Imagine what goes through that poor antelope’s mind at that moment. There she was, proud and majestic with her trusty and swift legs, running away from danger. She reaches a clearing, panting, feels safe. Then she hears a rustling of the leaves. She looks back, and there it is again, the bipedal danger with the rock and the pointy stick. So she runs away again, this time slower, but still fast enough to let the stupid bipedal eat her dust. And she reaches a river, and takes a sip because she’s so damn thirsty, and she feels safe again. She hears rocks falling, and it’s those stupid bipedals again, waving their pointy sticks, stumbling down the ravine, so clumsy they are.
So she runs away through the river. This time, much, much slower. She’s exhausted. She wants to sleep, but she knows that if she closes her eyes, if she sleeps, she’s as good as dead. So she runs up a hill, finding her second wind. Those bipedals couldn’t possibly still be on her tail, can they? That’s impossible, it’s unnatural. Even the biggest and growliest predator in this jungle can’t keep up the pursuit for so long. She’s tired, so tired, but somehow she manages to get up that hill, that final place of safety where she can rest, get some sleep.
And as she’s about ready to pass out, she hears the bipedals again. They’re coming up the hill, their pace slow but steady. Nothing seems to stop them, they walk around the rocks, they push through the bushes, they break twigs that are in their way. They make sounds to one another, looking as if they’re bored and needing something to communicate about.
And the antelope’s legs give in and she falls on the ground, and finally, blissfully, shuts her eyes to sleep.
The bipedals surround her and wave their pointy sticks around.

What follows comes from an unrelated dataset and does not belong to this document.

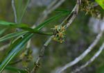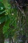 Epiphytic herb, normally pendent. Pendent stems usually bare, except for sheaths of old leaf bases and 3-6 fresh leaves at the apex. Leaves linear with 2 distinctly unequal lobes at the apex. Flowers along the stem in short clusters of 2-6(10), yellowish-green to straw-orange. Lip 3-lobed for about half the length. |

They give the task to the smallest one, who cries that he doesn’t wanna do it, daddy!
But he has to learn.
So the young one kills the antelope, and she finally gets some much needed rest.
This is how every single animal in the entire animal kingdom sees us. Not as apex predators, but as zombies. Relentless, hungry, moaning, never-tiring zombies. We just keep up the pursuit for days until the biggest of preys simply falls dead from exhaustion.
And this time, for the first time in human history, we got a taste of our own medicine.
Because nothing works against zombies. Sure, some planned it out, tried to take them out, kill them, trap them, blow their brains out.
Oh it works, for a while.
Then your ammo runs out or your guns jam or your barricade breaks down and they crawl through, hungry, gnawing, decomposing.
They just keep on coming and coming and coming. They enter your nightmares, that’s all you ever see from that point on. Your loved ones, eaten. Your friends, eaten. Your wife, coming to eat your arm. Yourself, smashing her rotten brains beneath the fridge.
And all you can do is to utilise that one advantage we humans have over the animal kingdom, to keep walking.
Nothing else works. We just roam the lands in big packs, setting up camp for a few hours of rest and then carrying on, like nomads. We try to stay away from the main concentrations of zombies, and we’ve had a few close calls where we were almost wiped out. But now it’s getting easier. We don’t sleep much, we don’t eat much. Like marathoners, we’ve all become thin and bony, withered down to a husk. We walk, sleep only for a few minutes, then someone wakes us all up and we walk again. Some people just want to give up and sleep. We prod them to wake up a few times, and if they still don’t want to come, if they bitch and moan and shoo us away, we bitterly say ‘alright’ and then smash their skulls in when the sweet sleep takes them away. Because, we can’t leave them, we know that. Every one who is left behind will inevitably become another zombie, another one to run away from, to fight, to get eaten by.
So, why am I telling you all this, young man? Because you need to wake your mother up. There’s no time left, I’m sorry. And if you can’t wake her up, if you can’t get her to come with the pack and keep walking, you need to learn to kill.